* [YOUR INSTRUCTIONS]:
Write out exactly, and only, the lines below from the line with "淨色暗紋長袖恤衫 LEGIT-050S" through the line with "Swarovski Era Journey"; pictures do not belong in the copy.

* [INPUT DATA]:

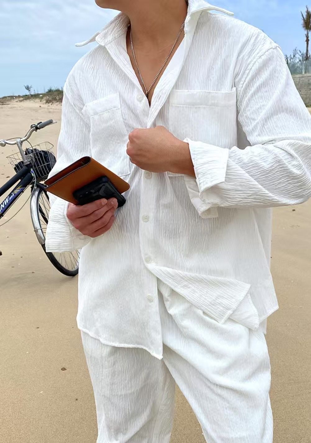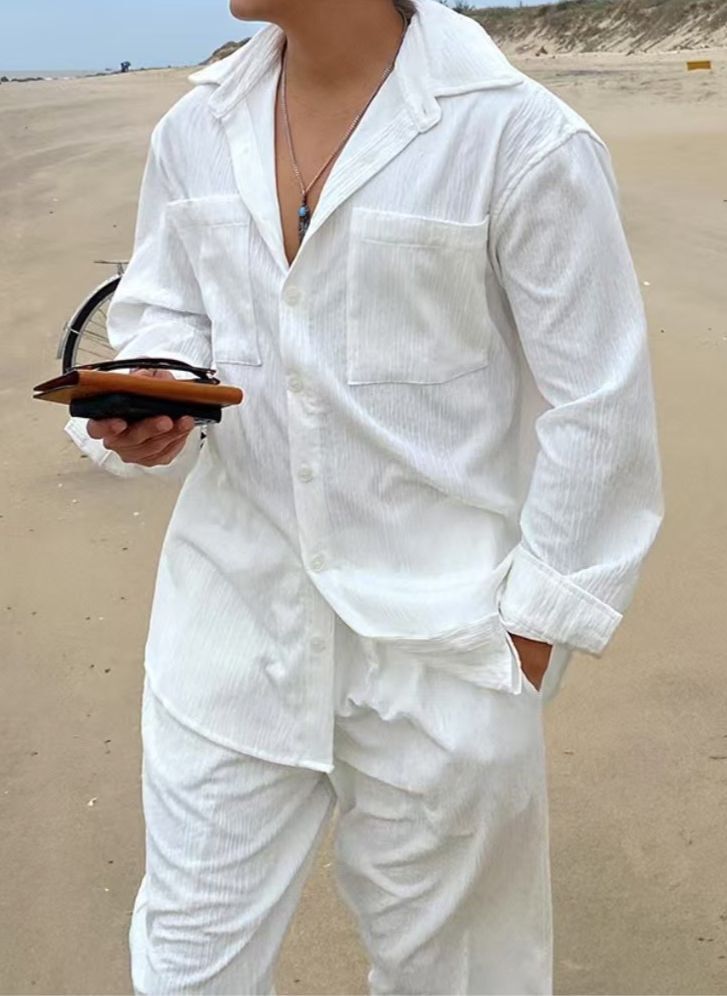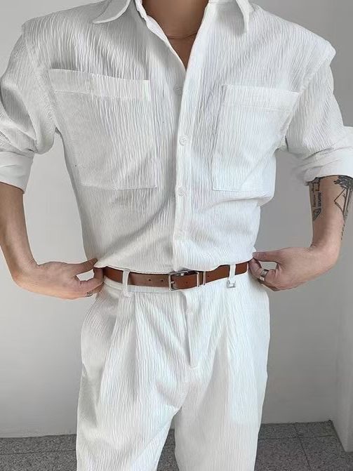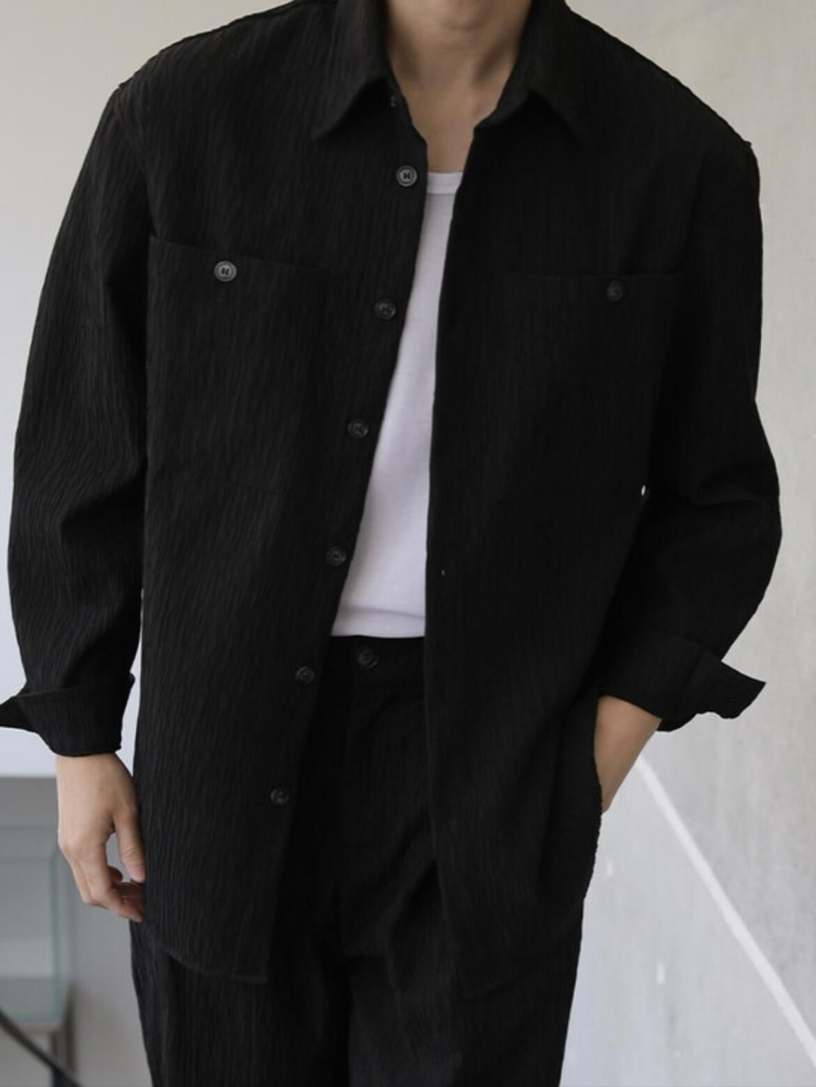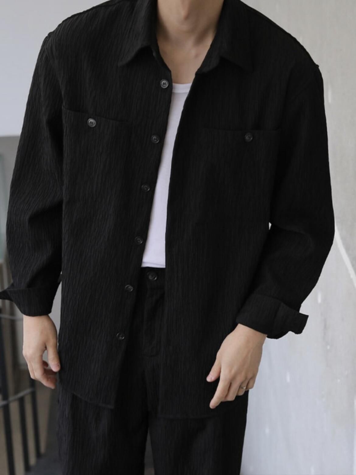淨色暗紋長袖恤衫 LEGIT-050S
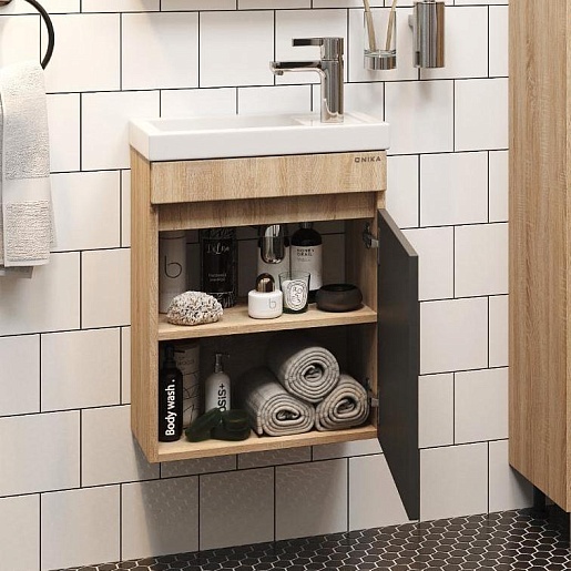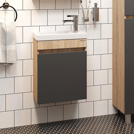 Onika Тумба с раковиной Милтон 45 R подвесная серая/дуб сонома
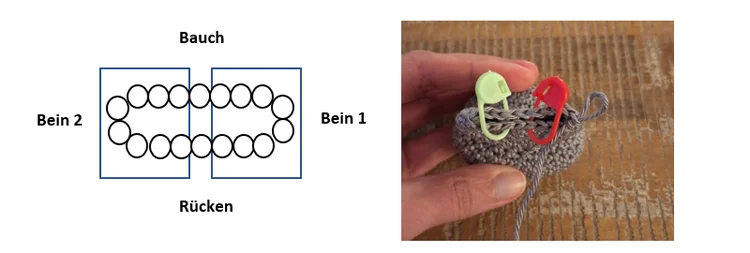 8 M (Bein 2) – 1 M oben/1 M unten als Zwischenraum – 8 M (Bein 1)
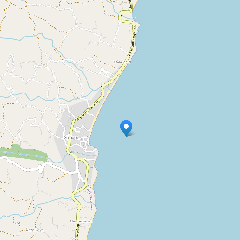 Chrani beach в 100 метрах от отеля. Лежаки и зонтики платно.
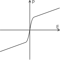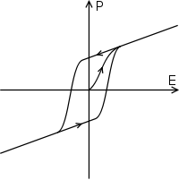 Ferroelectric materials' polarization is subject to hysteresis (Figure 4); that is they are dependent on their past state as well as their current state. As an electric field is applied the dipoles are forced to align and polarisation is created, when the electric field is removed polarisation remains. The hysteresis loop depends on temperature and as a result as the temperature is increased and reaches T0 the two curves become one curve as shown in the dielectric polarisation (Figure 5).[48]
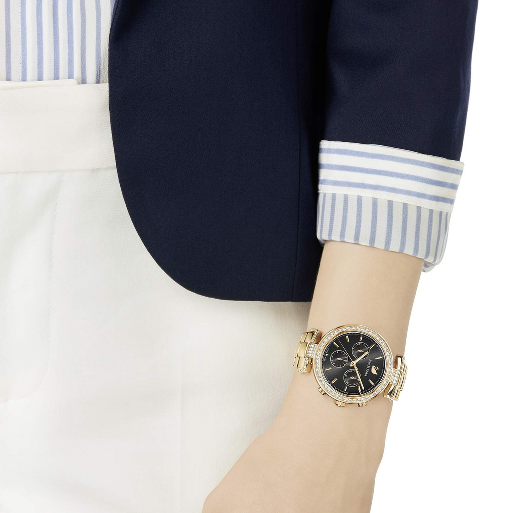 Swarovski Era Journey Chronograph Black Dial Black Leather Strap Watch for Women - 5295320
* * *
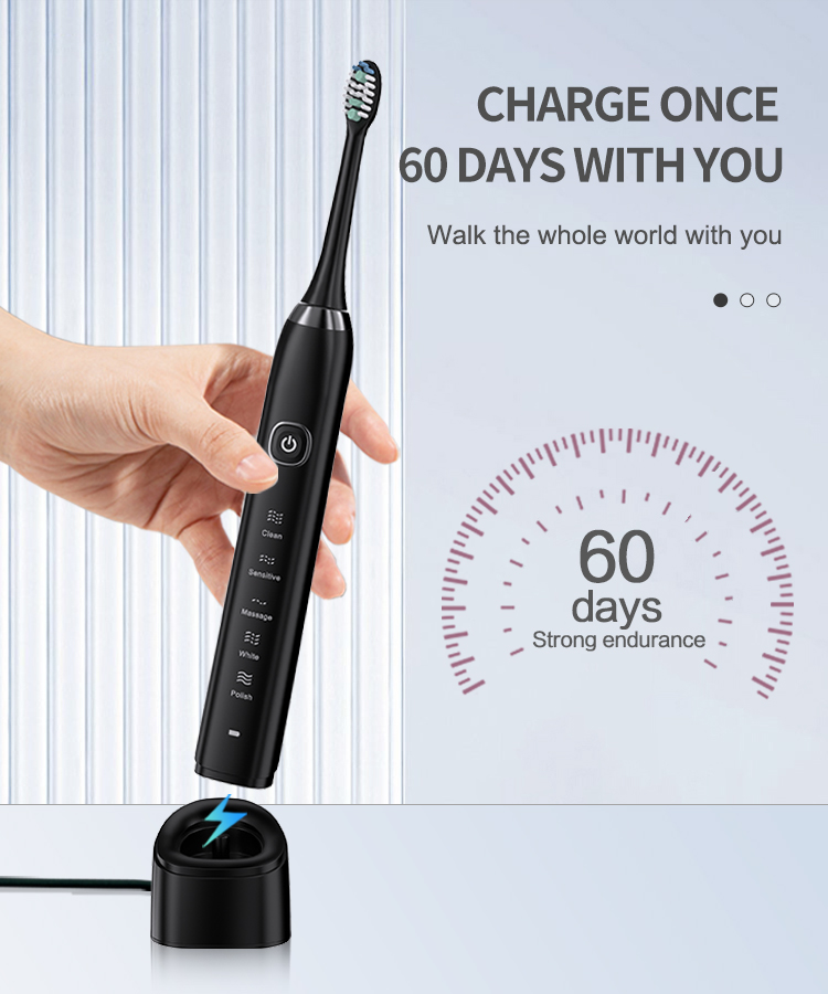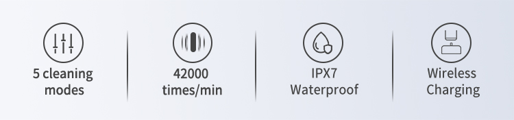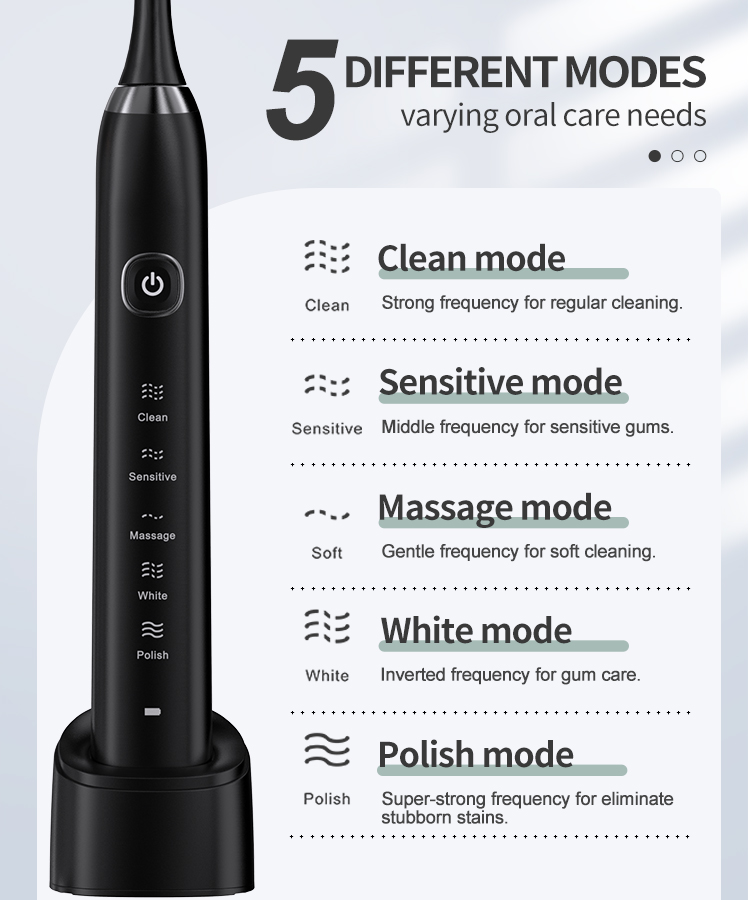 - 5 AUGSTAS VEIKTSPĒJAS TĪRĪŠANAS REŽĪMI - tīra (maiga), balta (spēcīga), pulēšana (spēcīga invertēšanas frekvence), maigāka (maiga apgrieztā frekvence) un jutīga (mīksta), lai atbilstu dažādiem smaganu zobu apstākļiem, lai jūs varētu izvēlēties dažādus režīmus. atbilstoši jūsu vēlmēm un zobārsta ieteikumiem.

* [ANSWER BOX]:
淨色暗紋長袖恤衫 LEGIT-050S
 Onika Тумба с раковиной Милтон 45 R подвесная серая/дуб сонома
 8 M (Bein 2) – 1 M oben/1 M unten als Zwischenraum – 8 M (Bein 1)
 Chrani beach в 100 метрах от отеля. Лежаки и зонтики платно.
 Ferroelectric materials' polarization is subject to hysteresis (Figure 4); that is they are dependent on their past state as well as their current state. As an electric field is applied the dipoles are forced to align and polarisation is created, when the electric field is removed polarisation remains. The hysteresis loop depends on temperature and as a result as the temperature is increased and reaches T0 the two curves become one curve as shown in the dielectric polarisation (Figure 5).[48]
 Swarovski Era Journey Chronograph Black Dial Black Leather Strap Watch for Women - 5295320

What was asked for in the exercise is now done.